Segment Start: Records shown

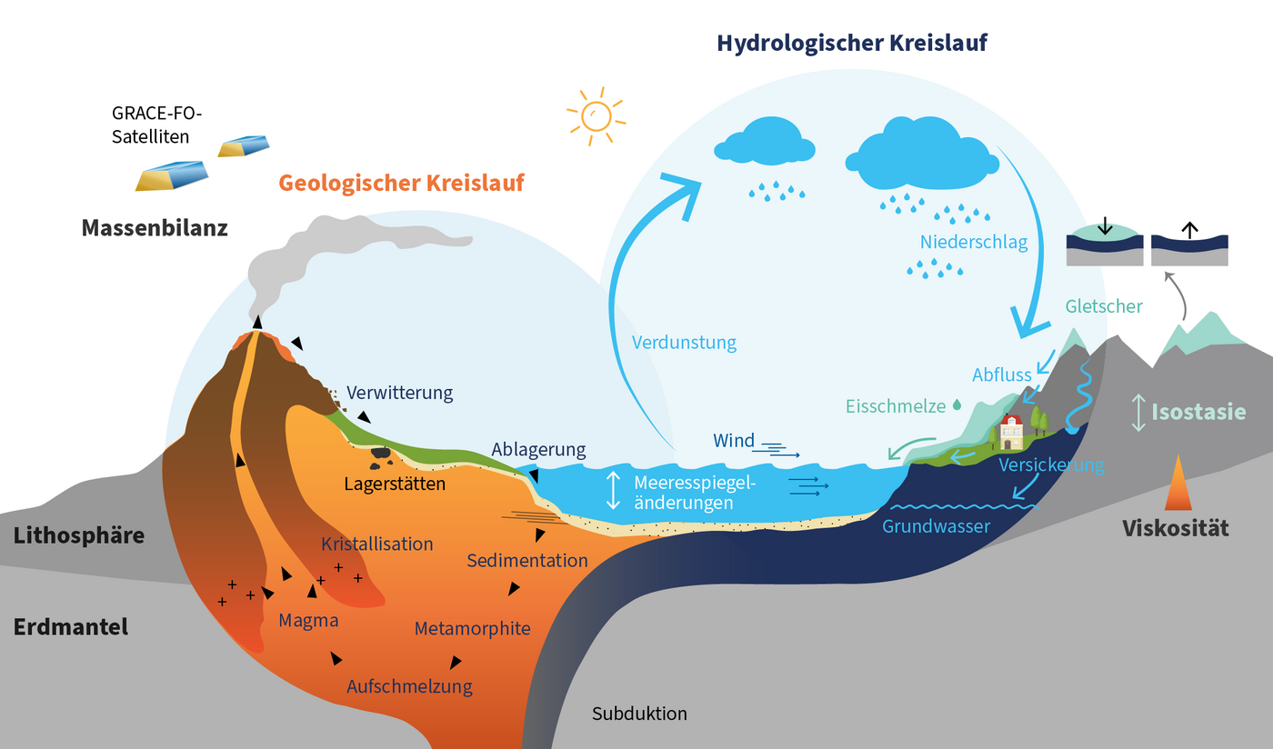 Die hohen Temperaturen im Inneren der Erde sind größtenteils auf den Zerfall radioaktiver Isotope zurückzuführen. Ein weiterer Teil ist Restwärme, die noch von der Entstehung der Erde stammt. Der große Temperaturgradient zwischen dem Erdinneren und der Erdoberfläche führt zu einem Wärmestrom. Da sich diese sogenannte Wärmekonvektion in verformbarem Material vollzieht, kommt es zu Bewegungen. Durch die Material- und damit Dichteunterschiede in den verschiedenen Schichten der Erde ist dieser Prozess sehr komplex. In der Konvektion im Erdmantel liegt der Antrieb für die Bewegung der tektonischen Platten. Lithosphärische Platten "schwimmen" auf der zähflüssigen Asthenosphäre. Hierdurch haben sich die Position und Form der Kontinente und Meere stetig verändert.
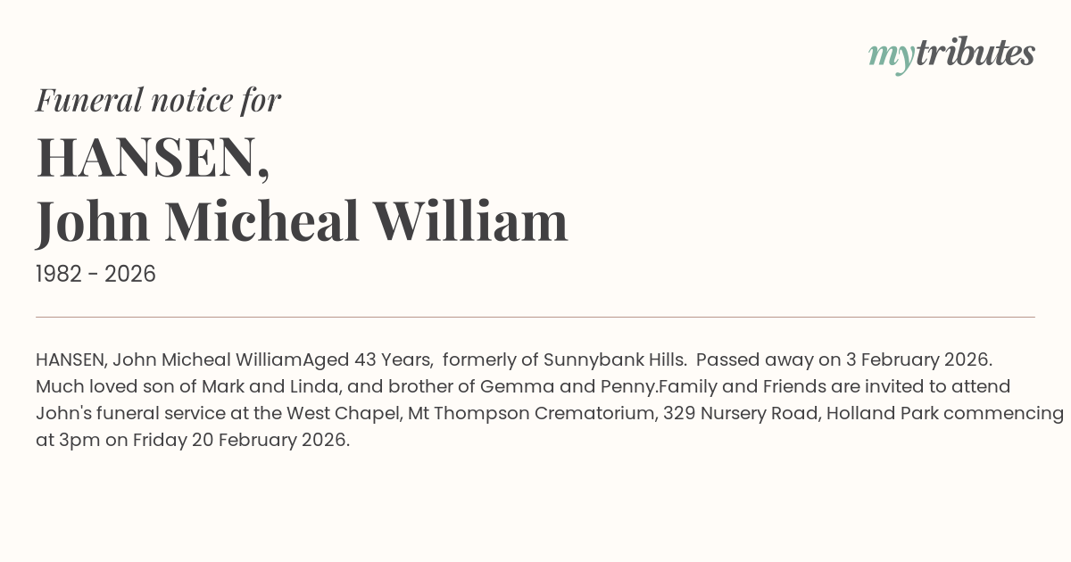 West Chapel, Mt Thompson Crematorium, 329 Nursery Road, Holland Park commencing at 3pm on Friday 20 February 2026.
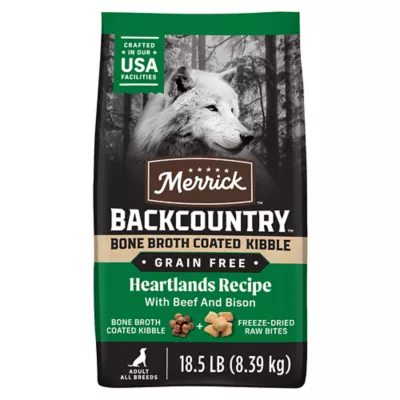 Key Benefits: Merrick Backcountry Dog Food recipe including beef and bison in bone broth coated kibble plus freeze-dried raw bites, Real deboned beef is the first ingredient in this high-protein dog food formulated to maintain healthy muscles and energy levels, with added vitamins, minerals and nutrients, Wholesome grain-free dog food recipe features a holistic blend to deliver the nutritional benefits of an ancestral diet, Premium dry dog food formula containing high levels of omega-3 and omega-6 fatty acids to nourish skin and coat and glucosamine and chondroitin to support hips and joints, This premium dog kibble with beef and bison is specially formulated to meet your dog's dietary needs with no artificial preservatives or flavors and is crafted in USA facilities, Spoil your pet with Purina products. Reward yourself with points on every purchase. Download the myPurina app today.
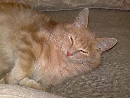 Lodden kosete pus, lyserød/oransje i pelsen. Nykastrert og nettopp blitt ID-merket med chip.
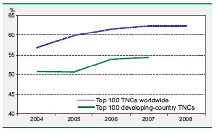 Глобальные ТНК последовательно проводят стратегию образования крупных групп, объединяющих производственные, торговые и финансовые компании. В современных условиях глобальные корпорации представляют всю мощь современного мирового финансового капитала. В наибольшей степени к глобализации тяготеют информационная, электронная, химическая, электротехническая, нефтяная, автомобильная, банковская и некоторые другие отрасли. Общемировую значимость имеют 100 глобальных корпораций. В 2009 г. активы этих компаний составляли 9% общего количества зарубежных активов, 16% объема продаж и 11% числа занятых всех ТНК. На зарубежную сеть 100 крупнейших фирм пришлось примерно 4% МВВП. Итак, основной движущей силой процесса транснационализации и глобализации экономики являются ТНК. Начиная с 1990 г. ЮНКТАД в своих документах и публикациях использует такое понятие, как «индекс транснациональности» компаний. За период с 1992 по 2009 г. индекс транснациональности 100 крупнейших ТНК увеличился на 12% (с 51 до 63%), причем основное увеличение приходилось на показатель зарубежных активов. На рис. 2 представлен график увеличения индекса за последние 5 лет.
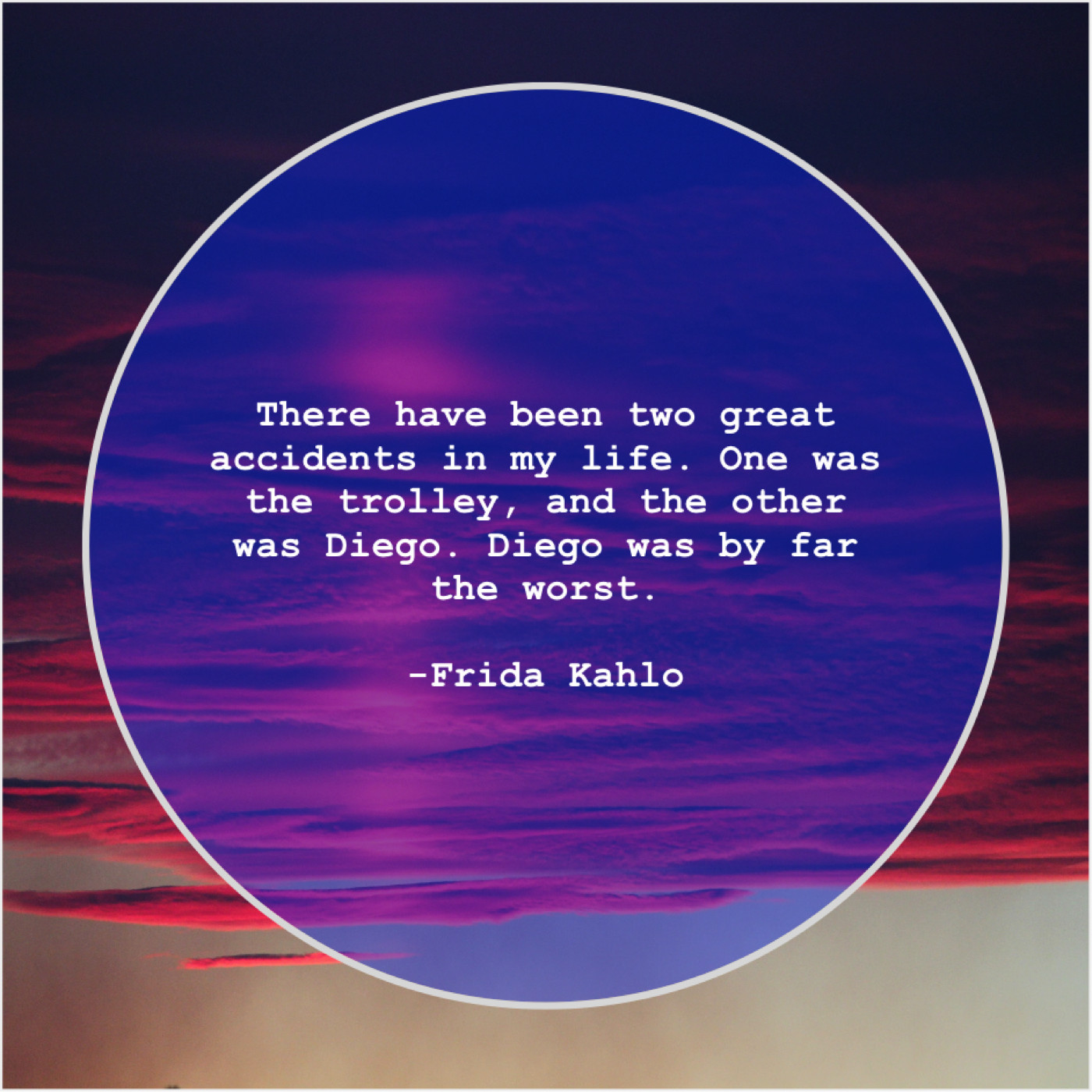 Frida Kahlo Frida Kahlo – There have been two great… September 14, 2019 admin “There have been two great accidents in my life. One was the trolley, and the other was Diego. Diego was by far the worst.”-Frida Kahlo
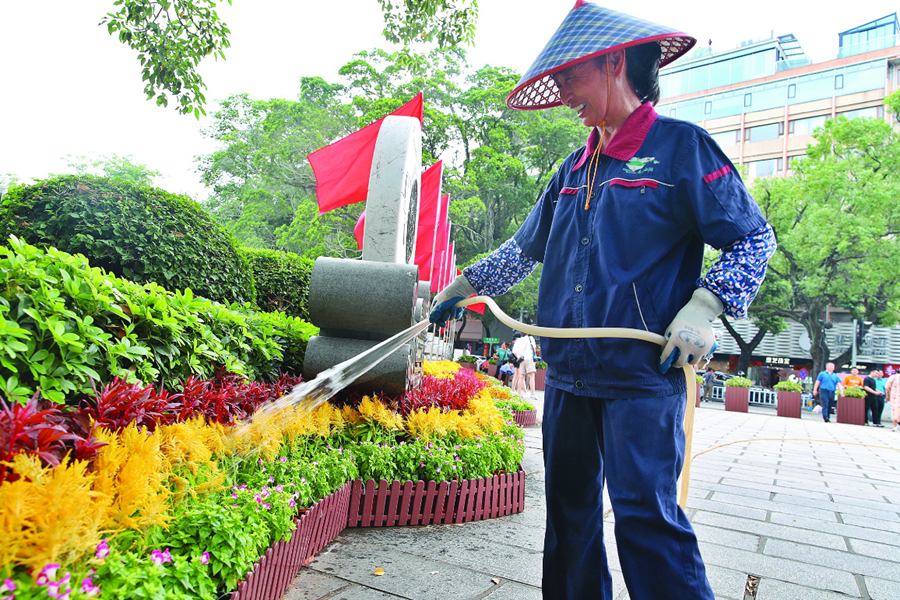 園林工人盡心護(hù)綠保綠;葜萑?qǐng)?bào)記者鐘暢新 攝
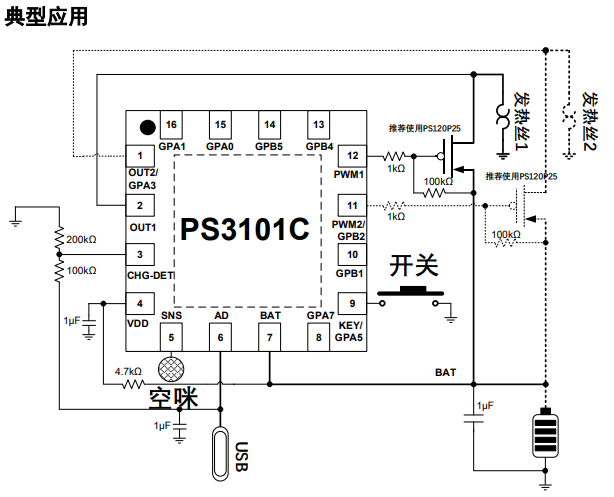 PS3101C是一款高集成度,应用于各种电子烟的专用集成芯片。内置短路保护,PWM产生等 功能,支持按键启动,待机低功耗,内置MCU可对IO进行灵活操作,实现灵活的外设应用。
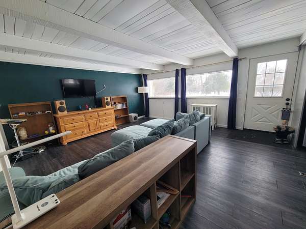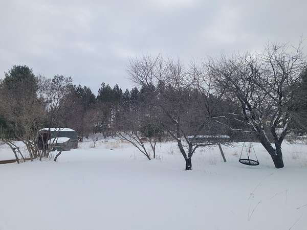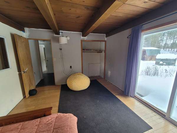 This home sits on a beautiful 4.82 acres with woods at the back and fruit trees up front. Of the three bedrooms, one has a sliding door out to a deck. The wood ceilings through out have the beams exposed, a unique feature. It has an open concept with the kitchen and dining area flowing into the large living room for a great room feel. The large windows in the Livingroom face the southwest, which gives plenty of sunshine throughout the day.
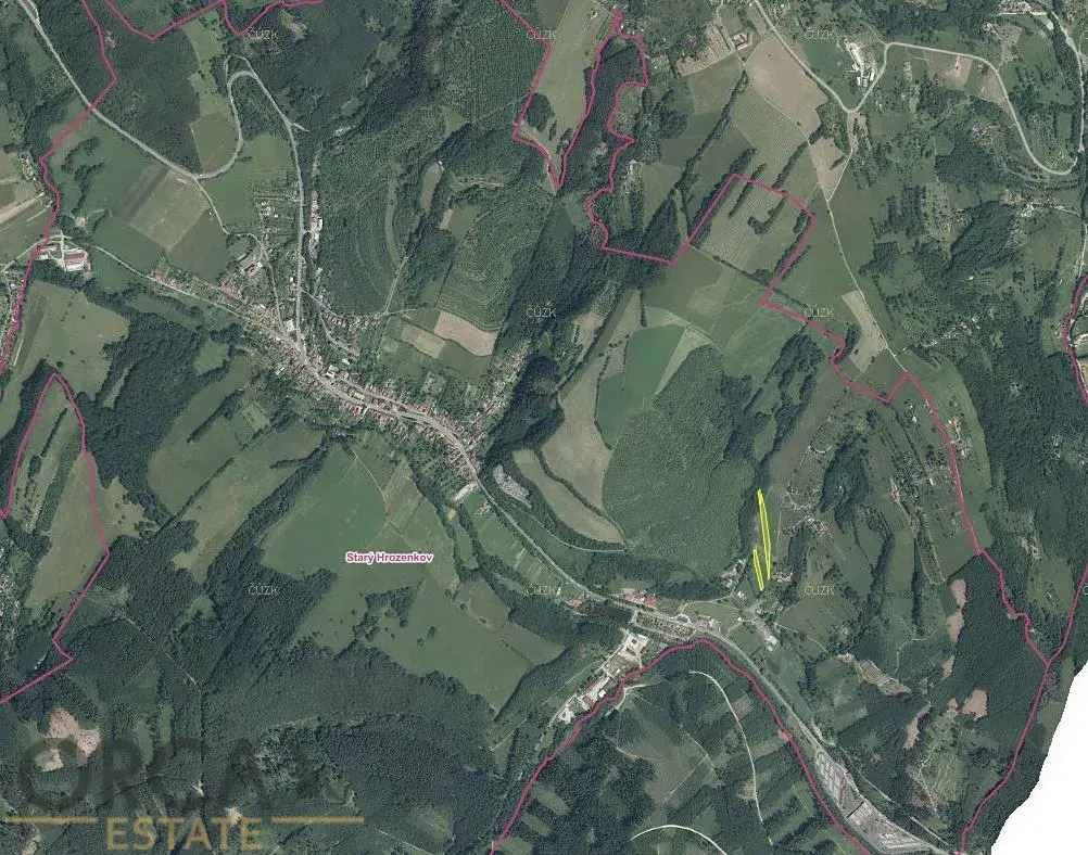Nabízíme tři zajímavé pozemky v podílu 1/4 v k. ú. Starý Hrozenkov, ležícím v okrese Uherské Hradiště. Jedná se o parcely č. 1927, 1935/17a a 2051/18, s celkovou podílovou výměrou 1475 m2, zapsaných na LV 98. Parcela 1927 je široká cca 13 m, parcela 1935/17 měří v nejširší části cca 15 m a parcela 2051/18 má na šířku cca 13 m. Pozemky se nachází v blízkosti sebe na jihovýchodě obce, přičemž podle územního plánu částečně patří do zemědělské oblasti a část parcely č. 1927, zhruba 1/4, spadá do návrhové plochy smíšené obytné.
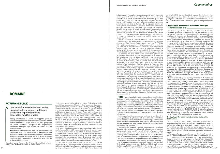 Patrimoine public | Domanialité privée des bureaux et des immeubles des personnes publiques situés dans le périmètre d’une association foncière urbaine | Mai 2020
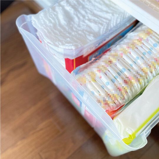 オムツや掃除用品など、我が家では買った商品パッケージをそのまま活用!収納用品を使うとなると、モノと収納用品のサイズを調べてそれに見合う商品をリサーチしたりお店へ買いに行ったりと時間もお金も体力もかかります。
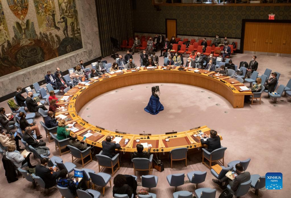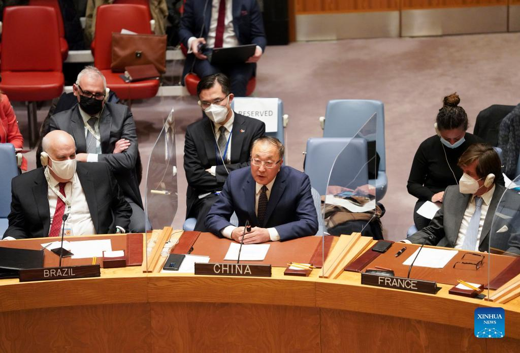Photo taken on Feb. 21, 2022 shows the scene of the UN Security Council emergency meeting on Ukraine at UN headquarters in New York. China's permanent representative to the United Nations, Zhang Jun, on Monday called on all parties concerned to seek "reasonable solutions" to the Ukraine issue. (Xinhua/Wang Ying)
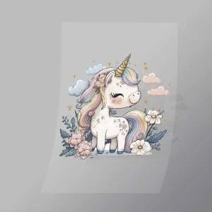 A great Cute Unicorn Pastel DTF (Direct to Film) Transfer available in multiple sizes. (Beased on width at artwork aspect ratio)

Segment End: Records shown

Prompt » Write all the lines above out again exactly, minus the images.

Output of the exercise »
 Die hohen Temperaturen im Inneren der Erde sind größtenteils auf den Zerfall radioaktiver Isotope zurückzuführen. Ein weiterer Teil ist Restwärme, die noch von der Entstehung der Erde stammt. Der große Temperaturgradient zwischen dem Erdinneren und der Erdoberfläche führt zu einem Wärmestrom. Da sich diese sogenannte Wärmekonvektion in verformbarem Material vollzieht, kommt es zu Bewegungen. Durch die Material- und damit Dichteunterschiede in den verschiedenen Schichten der Erde ist dieser Prozess sehr komplex. In der Konvektion im Erdmantel liegt der Antrieb für die Bewegung der tektonischen Platten. Lithosphärische Platten "schwimmen" auf der zähflüssigen Asthenosphäre. Hierdurch haben sich die Position und Form der Kontinente und Meere stetig verändert.
 West Chapel, Mt Thompson Crematorium, 329 Nursery Road, Holland Park commencing at 3pm on Friday 20 February 2026.
 Key Benefits: Merrick Backcountry Dog Food recipe including beef and bison in bone broth coated kibble plus freeze-dried raw bites, Real deboned beef is the first ingredient in this high-protein dog food formulated to maintain healthy muscles and energy levels, with added vitamins, minerals and nutrients, Wholesome grain-free dog food recipe features a holistic blend to deliver the nutritional benefits of an ancestral diet, Premium dry dog food formula containing high levels of omega-3 and omega-6 fatty acids to nourish skin and coat and glucosamine and chondroitin to support hips and joints, This premium dog kibble with beef and bison is specially formulated to meet your dog's dietary needs with no artificial preservatives or flavors and is crafted in USA facilities, Spoil your pet with Purina products. Reward yourself with points on every purchase. Download the myPurina app today.
 Lodden kosete pus, lyserød/oransje i pelsen. Nykastrert og nettopp blitt ID-merket med chip.
 Глобальные ТНК последовательно проводят стратегию образования крупных групп, объединяющих производственные, торговые и финансовые компании. В современных условиях глобальные корпорации представляют всю мощь современного мирового финансового капитала. В наибольшей степени к глобализации тяготеют информационная, электронная, химическая, электротехническая, нефтяная, автомобильная, банковская и некоторые другие отрасли. Общемировую значимость имеют 100 глобальных корпораций. В 2009 г. активы этих компаний составляли 9% общего количества зарубежных активов, 16% объема продаж и 11% числа занятых всех ТНК. На зарубежную сеть 100 крупнейших фирм пришлось примерно 4% МВВП. Итак, основной движущей силой процесса транснационализации и глобализации экономики являются ТНК. Начиная с 1990 г. ЮНКТАД в своих документах и публикациях использует такое понятие, как «индекс транснациональности» компаний. За период с 1992 по 2009 г. индекс транснациональности 100 крупнейших ТНК увеличился на 12% (с 51 до 63%), причем основное увеличение приходилось на показатель зарубежных активов. На рис. 2 представлен график увеличения индекса за последние 5 лет.
 Frida Kahlo Frida Kahlo – There have been two great… September 14, 2019 admin “There have been two great accidents in my life. One was the trolley, and the other was Diego. Diego was by far the worst.”-Frida Kahlo
 園林工人盡心護(hù)綠保綠;葜萑?qǐng)?bào)記者鐘暢新 攝
 PS3101C是一款高集成度,应用于各种电子烟的专用集成芯片。内置短路保护,PWM产生等 功能,支持按键启动,待机低功耗,内置MCU可对IO进行灵活操作,实现灵活的外设应用。
 This home sits on a beautiful 4.82 acres with woods at the back and fruit trees up front. Of the three bedrooms, one has a sliding door out to a deck. The wood ceilings through out have the beams exposed, a unique feature. It has an open concept with the kitchen and dining area flowing into the large living room for a great room feel. The large windows in the Livingroom face the southwest, which gives plenty of sunshine throughout the day.
Nabízíme tři zajímavé pozemky v podílu 1/4 v k. ú. Starý Hrozenkov, ležícím v okrese Uherské Hradiště. Jedná se o parcely č. 1927, 1935/17a a 2051/18, s celkovou podílovou výměrou 1475 m2, zapsaných na LV 98. Parcela 1927 je široká cca 13 m, parcela 1935/17 měří v nejširší části cca 15 m a parcela 2051/18 má na šířku cca 13 m. Pozemky se nachází v blízkosti sebe na jihovýchodě obce, přičemž podle územního plánu částečně patří do zemědělské oblasti a část parcely č. 1927, zhruba 1/4, spadá do návrhové plochy smíšené obytné.
 Patrimoine public | Domanialité privée des bureaux et des immeubles des personnes publiques situés dans le périmètre d’une association foncière urbaine | Mai 2020
 オムツや掃除用品など、我が家では買った商品パッケージをそのまま活用!収納用品を使うとなると、モノと収納用品のサイズを調べてそれに見合う商品をリサーチしたりお店へ買いに行ったりと時間もお金も体力もかかります。
Photo taken on Feb. 21, 2022 shows the scene of the UN Security Council emergency meeting on Ukraine at UN headquarters in New York. China's permanent representative to the United Nations, Zhang Jun, on Monday called on all parties concerned to seek "reasonable solutions" to the Ukraine issue. (Xinhua/Wang Ying)
 A great Cute Unicorn Pastel DTF (Direct to Film) Transfer available in multiple sizes. (Beased on width at artwork aspect ratio)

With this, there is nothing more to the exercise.